I think Catholics are more precise than you are. I would rephrase it as "Catholics are literally Jesus eaters" understanding Jesus as the human nature of God, a temporal effect and visible presence of God in the material world (for God's realm is spiritual heaven), with God providing Jesus as literally the lamb who takes away the sins of the world (John 1:29) to be eaten the way the Passover lamb is eaten as in the OT: unspotted lamb brought by a family, killed by the priest at the temple altar in Jerusalem, with blood spilled but the meat eaten in a thanksgiving meal with the family, except the Catholic priest did NOT do a fresh killing of Jesus, but the Eucharistic meal is a re-presentation of the single sacrifice of the Lamb at the Calvary thus placing the congregation of the mass literally around the Last Supper table following Jesus's command to the apostles in the first Last Supper with the priest becoming the "stand-in" for Jesus in the Last Supper. For a full length lecture about this (to correct any misunderstanding caused by my potential misrepresentation) hear Fr. Dominic Legge's 2021 talk Entering into Christ's Passion: The Mass as a Sacrifice which addresses many Protestant objections against Catholic understanding of the Mass.

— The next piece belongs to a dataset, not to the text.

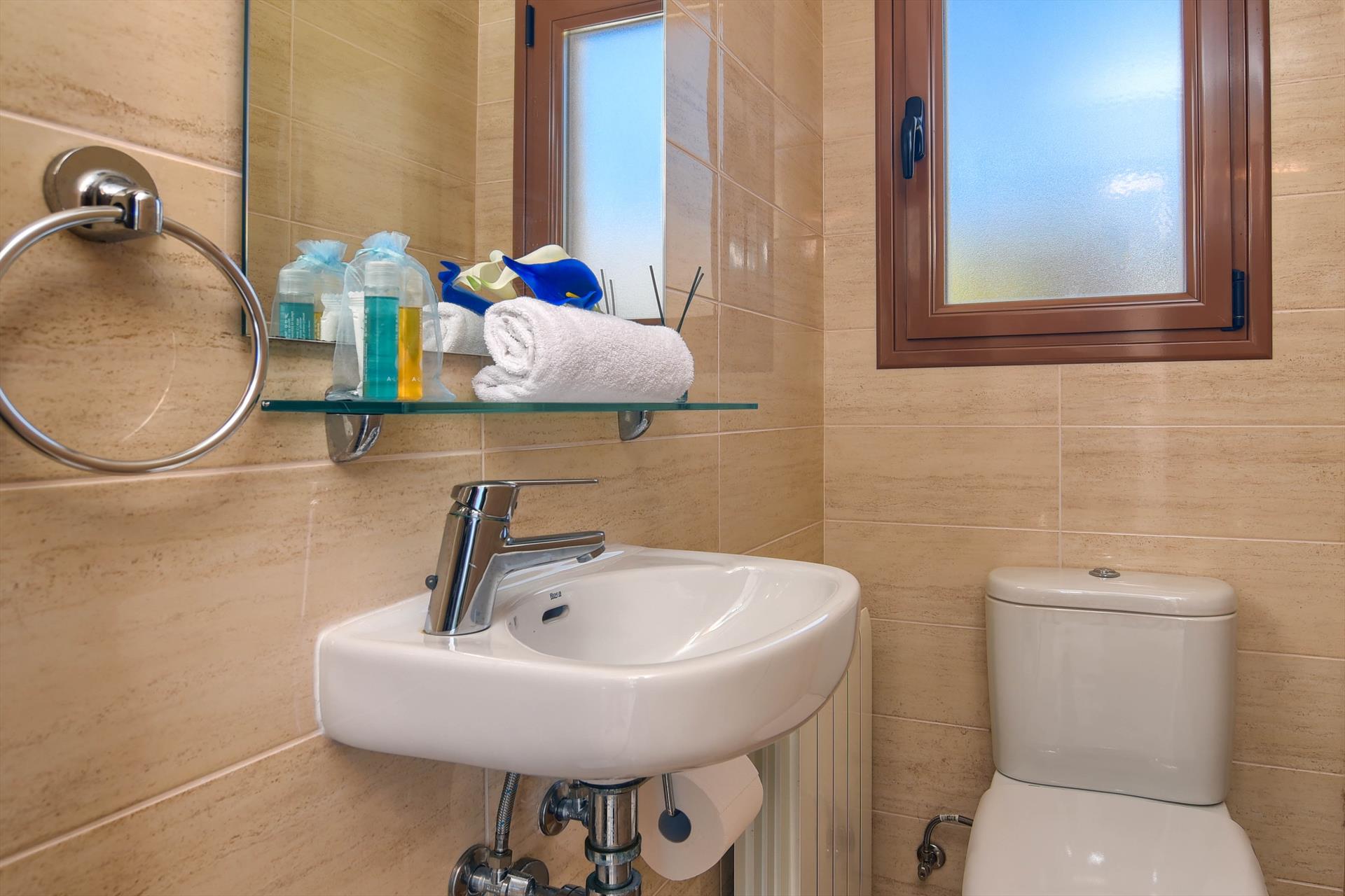 - 3 en-suite badkamers, elk met enkele wastafel, douche, toilet en haardroger

Thus, it is improper analogy to reduce Jesus to God. Jesus IS God but also IS fully human (per Chalcedon), so in the Eucharist as a Paschal thanksgiving meal, we deal with the human nature of Jesus, not the eternal Trinitarian God, although since Jesus is the human nature OF GOD, the meal is salvific.
About your phrasing "the objects that look like bread and wine are instead literally Christ's body, blood, soul and divinity" I don't think Catholics would say that the transubstantiated bread and wine "becomes God" or "contains the soul of God" but the ritual is supposed to place us face to face with Jesus literally saying "this is my body" when he lifted the bread in the first Last Supper. In the Last Supper the apostles certainly did NOT perceive the bread to BE divine or soulful ! The right phrasing instead is that the regular bread and wine becomes REAL lamb where now in the 21st century re-presentation of a mass Jesus is FULLY PRESENT (in his human nature) in the transubstantiated bread to become our salvific meal since in the Catholic understanding of the Eucharist it's through Jesus's human nature that the grace of God flows to enter our soul and body in the act of eating. To say that the transubstantiated bread is divine and soulful would be to objectify God.
Similarly, Mary's title "Mother of God" conceptually means Mother of the incarnation of God, not the pre-existing being who gave spiritual birth to the spiritual Trinitarian God who existed before the world was created, which would create the chicken-and-egg problem. Why Mary got the title "Mother of God" is to emphasize that Jesus is not only fully human, but is also God; the context was the controversies regarding the precise nature of Jesus in the 5th century AD.